Communication Studies, Department of

 

Date of this Version

2008

Citation

Kristen Hoerl, "Remembering and Forgetting Black Power in Mississippi Burning," in Barry Brummett, ed., Uncovering Hidden Rhetorics: Social Issues in Disguise (Thousand Oaks, CA: SAGE Publications, 2008), pp 13–30.

Comments

Copyright © 2008 SAGE. Used by permission.

Abstract

Although critics are correct to point out that Mississippi Burning did not faithfully depict historical events surrounding the real-life disappearances of [civil rights activists] Chaney, Schwerner, and Goodman, I argue that these criticisms overlook some of the ways in which the film advances the cause of racial justice. On a formal level, Mississippi Burning evokes the struggles experienced by members of the Black Power movement, a social movement that emerged on the heels of civil rights. Looking at the film in the context of this movement, I argue that Mississippi Burning is a homology for the Black Power movement.
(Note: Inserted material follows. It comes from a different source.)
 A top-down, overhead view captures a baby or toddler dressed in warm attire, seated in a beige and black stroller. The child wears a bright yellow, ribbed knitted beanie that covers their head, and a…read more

Barry Brummett describes a homology as a situation in which “two or more kinds of experience appear or can be shown to be structured according to the same pattern in some important particulars of their material manifestations.” In this chapter, I explain how the film’s plot revolves around the types of conflicts and solutions to racial injustice that propelled the Black Power movement.
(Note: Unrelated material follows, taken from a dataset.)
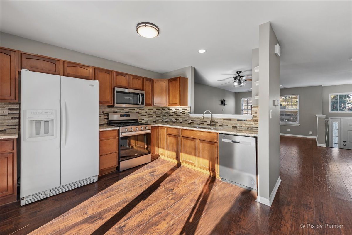 Welcome to this beautiful two-story townhouse located in the highly desirable Cambridge Lakes community. Available for move-in February 2026 (flexible). Home is very well-maintained, there are three levels of living space. There's a finished lower level that would make a great home office or kids space. 2-car garage with openers. Main level offers kitchen, living room, dining space, laundry and a half bathroom. Upstairs offers 2 bedrooms, a loft, and a full bathroom. The unit offers a spacious two-car garage. The kitchen has been recently updated with a stunning countertop and stylish backsplash, creating a modern and inviting space. Residents enjoy full access to the Cambridge Lakes association amenities, including a clubhouse, outdoor swimming pool, fitness center, and on-site parks. Rent includes all amenity access. Schedule your showing today-this townhouse won't last long! Subject to credit, background, and criminal check. Income should be at least 3x the amount of monthly rental amount. Proof of employment will be required, no recent evictions allowed.
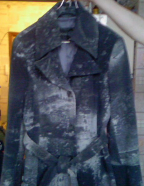 пальто 44 размера,рост 170.Смотрится супер, но немного поела моль,т.к рисунок под мрамор в глаза не бросается. Материал 70% шерсти, 20% полиамид,10% кашемир.

To set the context for understanding how this film parallels Black Power, I describe the events that propelled the Black Power movement and the rhetoric of Black Power articulated by Stokely Carmichael, a prominent Black Power spokesperson. Then I analyze Mississippi Burning's plot in the context of Carmichael’s speeches. By interpreting the film’s narrative in the context of Carmichael’s rhetoric, I demonstrate how the film’s storyline formally embodies the conflicts that Carmichael experienced and described during Black Power’s heyday. I also demonstrate how the solutions arrived at by the film’s protagonists mirror Black Power’s response to racial injustices toward the end of the 1960s. By formally enacting the reasoning processes engaged in by Black Power proponents, the film challenges the justice of the then existing political system. The Black Power movement was an important response to ongoing racial injustices at the end of the civil rights era. By looking at the ways in which the film formally depicts similar responses to injustice, this analysis offers unique insights about the rhetorical role of this “civil rights” film. It also challenges the assumption that historically situated films must represent events with fidelity to the past in order to make a statement about social injustice and political power.